The first point I want to make sounds obvious, but it’s impossible to perfectly target people with a certain level of money. Wouldn’t it be great to say, “I only want my ads to be shown to people with over $100,000 in the bank.” Keep dreaming!
If you’re looking for placing ads that reach people with a certain net worth (or similar financial metric) then you’re bound to using a proxy i.e. an advertising strategy or partner that over-indexes on an audience with financial clout.
The most obvious example of this is using a publication that is predominantly read by affluents. If you elect to spend money with a traditional media outlet, you’d likely be met with a media kit that tells you exactly what type of audience they attract in terms of financial clout.
For example, take a look at the WSJ.com audience profile:
They’re very eager (it’s available to the public) to tell you that their audience has:
- Average Household Income: $248,828
- Average Household Net Worth: $1,335,022
As well as casually dropping in there that they have quite a few millionaires that read their publication.
So if the Wall Street Journal has so many people with so much money, it begs the question why every franchise doesn’t decide to advertise there. And of course the answer lies in the outrageously expensive rates that you have to pay to get in front of that type of audience.
(Their online advertising rates are not published online but trust me when I say that their CPMs are some of the highest on the web.)
Some of you may have the financial resources to advertise on WSJ.com, but I’m assuming that the majority of franchises can’t. So, you’re in search of another proxy.
Here at FranchiseHelp, we’re constantly in search of proxies for money, and we wanted to share data from two of our favorites.
If you go through our franchise matching quiz, you’ll see questions all over the spectrum which we are able to cross-reference against the liquid capital question.
Here’s what the data looks like for education level:
(Isn't it fascinating that not graduating high school has a higher liquid capital level than both graduating high school and obtaining an associate's degree!)
And here’s the data for job title:
As you can see, as you go up the education and occupational chain, you see people with significantly higher amounts of liquid capital available.
You may have already known this, but it’s pretty striking to see how college and post-grad degrees correlate to money. (Remember, that’s our ultimate goal.) What about executives, retirees, and the self-employed?

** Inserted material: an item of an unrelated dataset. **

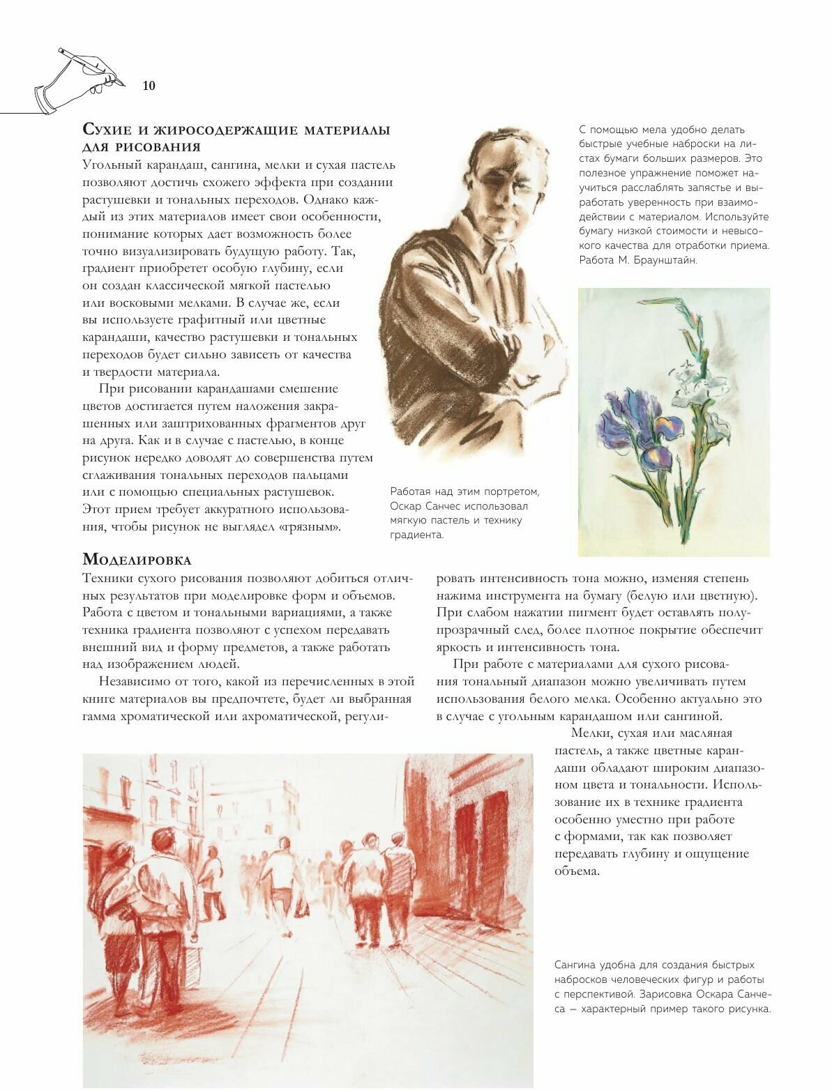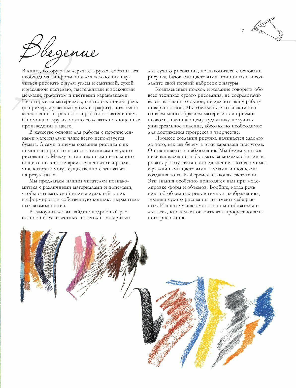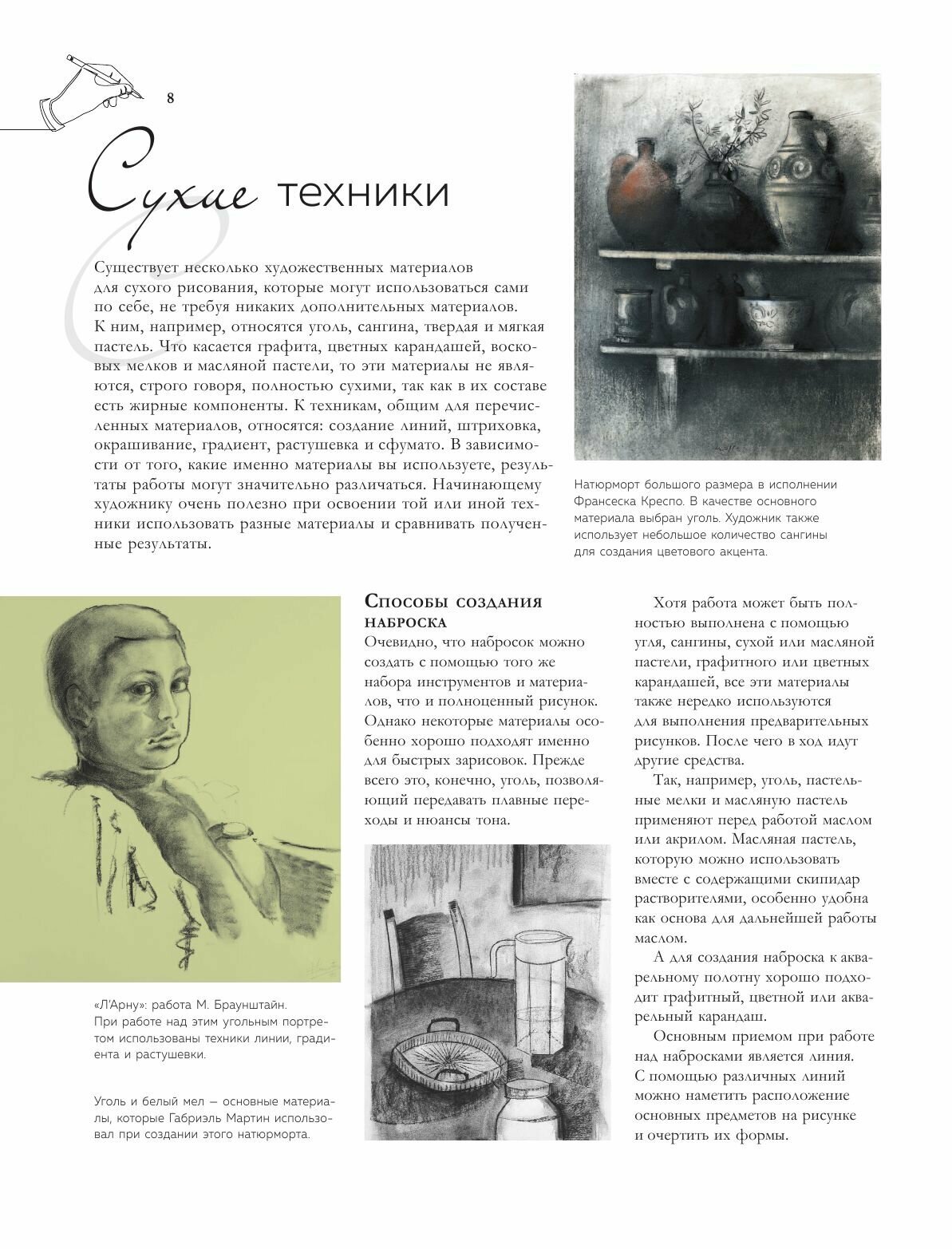 Обожаю подобные издания, из этой книги можно многое узнать о сухой технике рисования, что поможет разнообразить творческий процесс, научиться работе с новыми материалами. Здесь есть пошаговые уроки рисования пастелью, сангиной, углем, карандашами, всё что нужно для графики. Эти техники не требуют больших затрат и подготовки, в них приятно и комфортно работать. А качественные иллюстрации вдохновят на создание собственных шедевров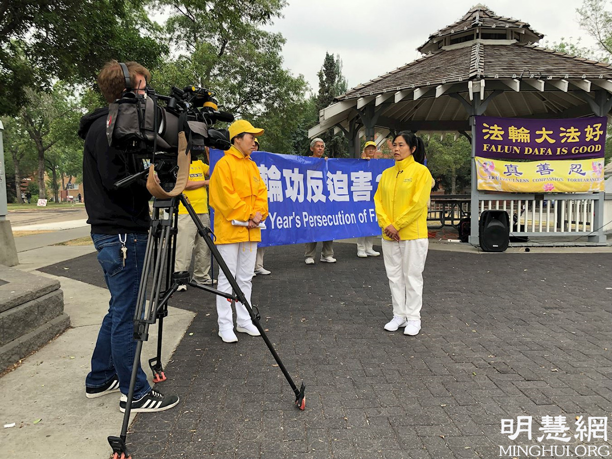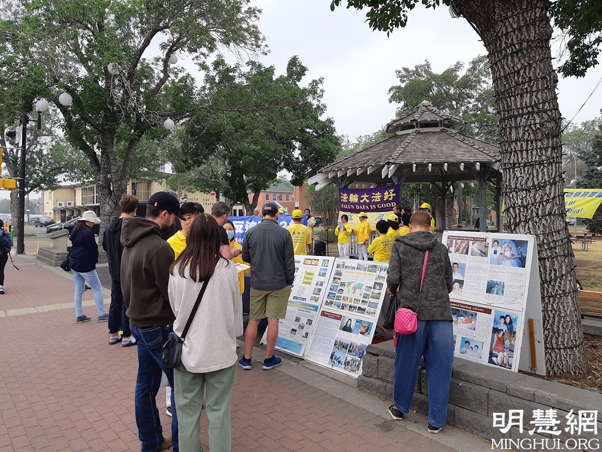 当日,部份法轮功学员参加了集会,演讲和展板吸引了许多行人,他们纷纷签名支持法轮功学员反抗中共迫害的行动。主流媒体Global News也到场采访了活动和法轮功学员。

So why does it all matter?
Well, it turns out that new online media platforms allow you to target audiences based on all different sorts of criteria.
One of those criterion is even targeting based on actual net worth. But, as you can imagine, those audiences are super-expensive for the exact same reasons as the WSJ being pricey.
And therefore an alternative strategy is to target an audience based on education or job title. And you can even tailor the ads and landing pages to reflect the audience. I guarantee that you’ll save money in advertising costs, and you may find that it’s the secret to unlocking an audience that you otherwise couldn’t reach!